Slavery is one of this nation’s darkest experience.  Hundreds of thousands of Africans were forcefully taken from their homes and families to be shipped across an ocean and sold into bondage.  Once in America, slave owners used pure torture, both physical and psychological, to make those slaves and their descendants do their bidding.  Slaves had absolutely no control over any aspect of their lives, and most lived that way from the cradle to the grave.
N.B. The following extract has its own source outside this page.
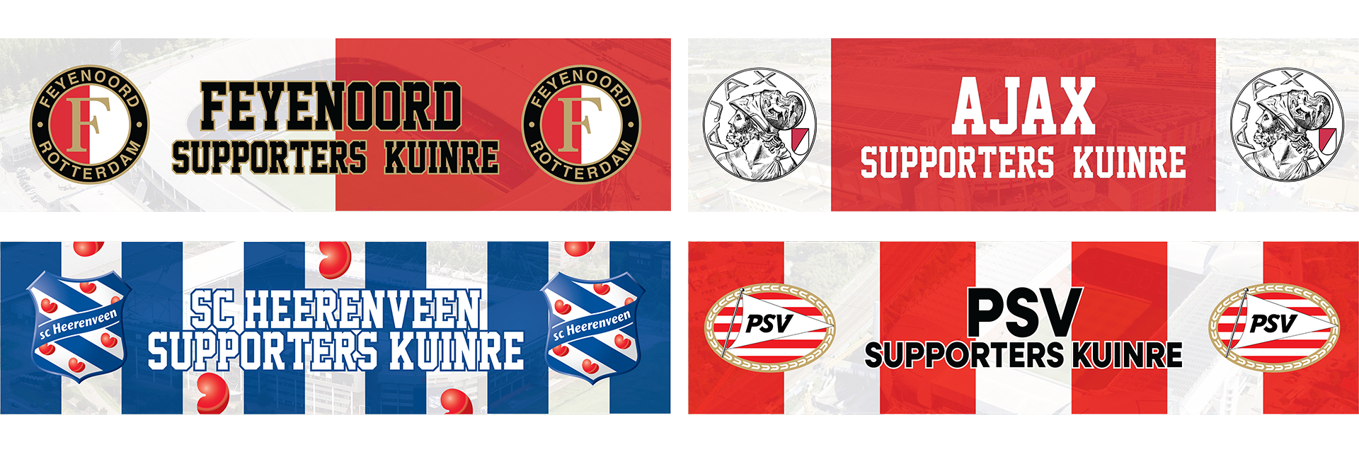 Op dit moment staan er borden van 5 clubs op de planning om langs het hoofdveld te plaatsen. De kosten van de borden worden verdeeld door alle supporters van desbetreffende club die lid zijn van de WhatsApp groep. Deelnemen aan de groep kan door te klikken op de link van je favoriete club:

Compare that to the NFL.  There may be issues between labor and management, but I find it difficult to see a strong comparison between an NFL player making millions of dollars to the life of a slave.  For one, slaves had absolutely no choice, whereas most NFL players have dreamed of playing in the league since their childhood.  Slavery was back-breaking labor, whereas football is a game.  Slavery was a life condition for the slave and their children, while professional football is a short time, and if money is managed properly, players can retire under forty.  Thousands of men across the nation are willing to sacrifice much for the chance to play in the NFL, even with the labor differences.  That is a far cry from slavery.  Yes, a player can be cut from the team, but there are few careers where an employed is not let go for lack of performance or for bad behavior.  Employees complaining about their boss is as old as America.  Why is the NFL seen differently?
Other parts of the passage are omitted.